Questo perché, a seguito della cessione, le quote di mercato combinate dell’entità risultante dalla fusione nelle aree locali interessate saranno moderate. La decisione è subordinata al pieno rispetto degli impegni. Un amministratore fiduciario indipendente ne monitorerà l’attuazione, sotto la supervisione della Commissione. Parallelamente, la Commissione ha respinto la richiesta dell’autorità garante della concorrenza italiana di rinviare la fusione alla sua attenzione ai sensi della normativa italiana sulla concorrenza.

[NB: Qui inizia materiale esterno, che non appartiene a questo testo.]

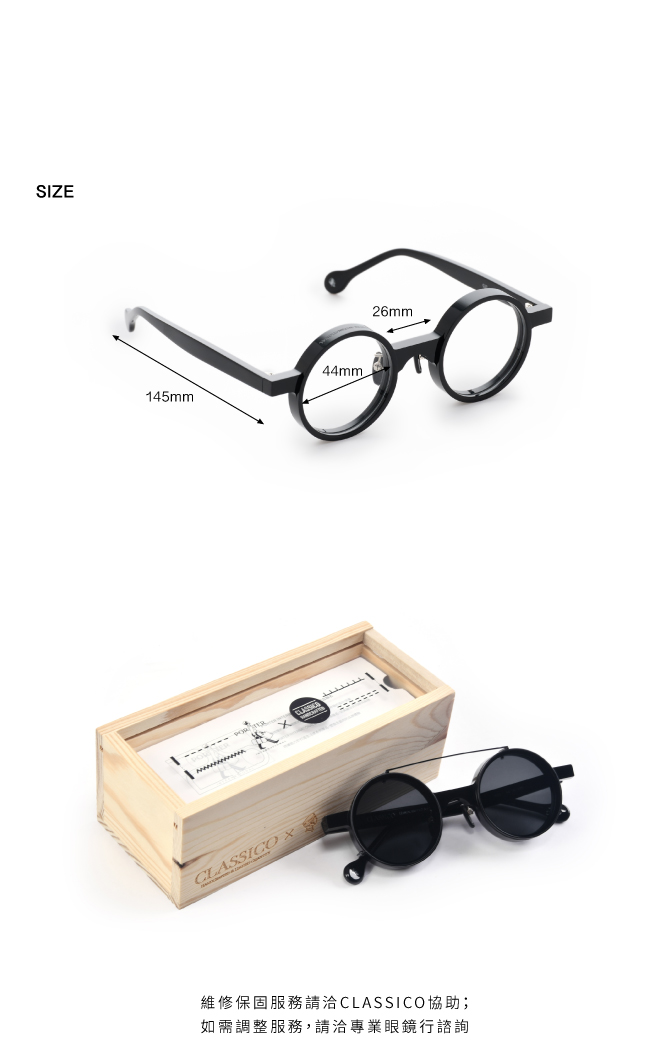 | 前掛式圓框墨鏡 | 鏡片寬度(mm) | 鼻樑架寬度(mm) | 鏡腳長度(mm) |

UniCredit comunica di aver ricevuto dalla Direzione generale della concorrenza l’autorizzazione all’operazione di acquisizione di Banco Bpm. L’autorizzazione è subordinata all’attuazione di impegni volti a risolvere le tematiche concorrenziali connesse all’operazione.
A tal fine è prevista la cessione a operatori qualificati di 209 filiali di Banco Bpm. UniCredit sottolinea inoltre che la sospensione del periodo di adesione dell’offerta per trenta giorni, disposta dalla Consob in data 21 maggio 2025 avrà termine in data 21 giugno e, pertanto, fatto salvo ogni diritto di UniCredit, il periodo di adesione riprenderà a decorrere il prossimo 23 giugno 2025.
Successivamente, la documentazione di offerta sarà aggiornata mediante la pubblicazione, previa approvazione della Consob, di un supplemento sia al prospetto sia al documento di offerta, con la conseguente possibilità di recesso dall’offerta per coloro che vi avessero aderito nei termini di legge.